Posted on: Monday, September 17, 2001
Tube Notes
PBS' 'The Press Secretary' examines role of spokesman
TONIGHT'S MUST-SEE: "The Press Secretary," 10 p.m., PBS. Even during the calmest of times, the presidential press secretary walks a tight line. He wants to tell the truth; he also wants his boss to look good. "The essence of this job is vagueness," Joe Lockhart, who was Bill Clinton's press secretary, says in this documentary. The hour follows him during three busy days last September. It also talks to reporters about a changing world in which news (and rumors) are rushed onto the air and the Internet.
Note: Networks are deciding day-to-day whether to offer only news coverage or to return to regular shows.
Meanwhile, NBC has pushed its new season back a week to next Monday. CBS and ABC were undecided. FOX says it has no plans to delay the start of its new season. Here are possibilities tentative for ABC, CBS and NBC, more definite for the others:
"The Hughleys," 8 p.m., UPN (seen on KFVE). Darryl and Yvonne hire a tutor for their dyslexic son.
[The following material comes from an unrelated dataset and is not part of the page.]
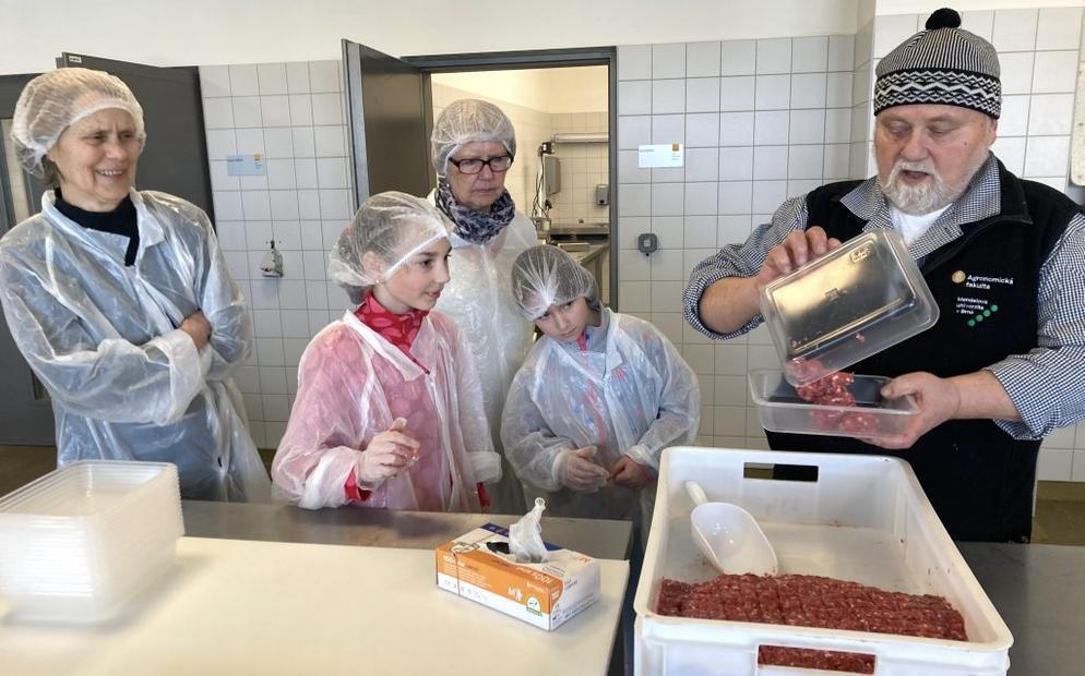 Ten dnešní program se odehrává v poloprovozech Agronomické fakulty. Tady běžně studenti a výzkumníci zpracovávají a testují například maso, mléčné výrobky nebo vajíčka. Tyto tři základní potraviny dnes budou zkoumat i účastníci Mezigenerační univerzity. Aktivity dělají buď ve dvojici, nebo každý sám. Všechno spolu ale sdílí.

"One on One," 8:30 p.m., UPN (seen on KFVE). Flex decides his teen daughter can have a friend stay for the weekend. He sort of assumes the friend is a girl.
"Everybody Loves Raymond," 8 p.m., CBS. Slowly and slyly, this has become a great show. Now it opens its sixth season with a hilarious episode. Things start at school. There before his embarrassed dad, mom, uncle and grandparents Michael reads a book he wrote, "The Angry Family." Then the aftershocks build. There are wonderful moments from Debra (Patricia Heaton), who might be the angriest wife on television, and from the oft-perplexed Ray.
"Perfect Body" (1997), 9-11 p.m., Lifetime. Cathy Rigby, the champion gymnast who once struggled with eating disorders, takes a small role in this movie. Amy Jo Johnson ("Felicity") plays a gymnast struggling with the affliction.
"The Ellen Show" premiere, 8:30 p.m., CBS. Ellen DeGeneres is back to what she does best just being funny. There are no heavy messages here; her character is gay, but that's accepted casually. Instead, we get the rich humor of a lonely-and-successful dot-com whiz, returning to her ditzy mom (Cloris Leachman) and hometown. After tonight, the show will move to Fridays.
"Celebrity Adventures" premiere, 7 p.m., cable channel E. Kelly Wiglesworth, the first "Survivor" series runner-up, takes a different star on a far-flung trip each week. Tonight, actor Jerry O'Connell heads to the spectacular ancient ruins of Peru.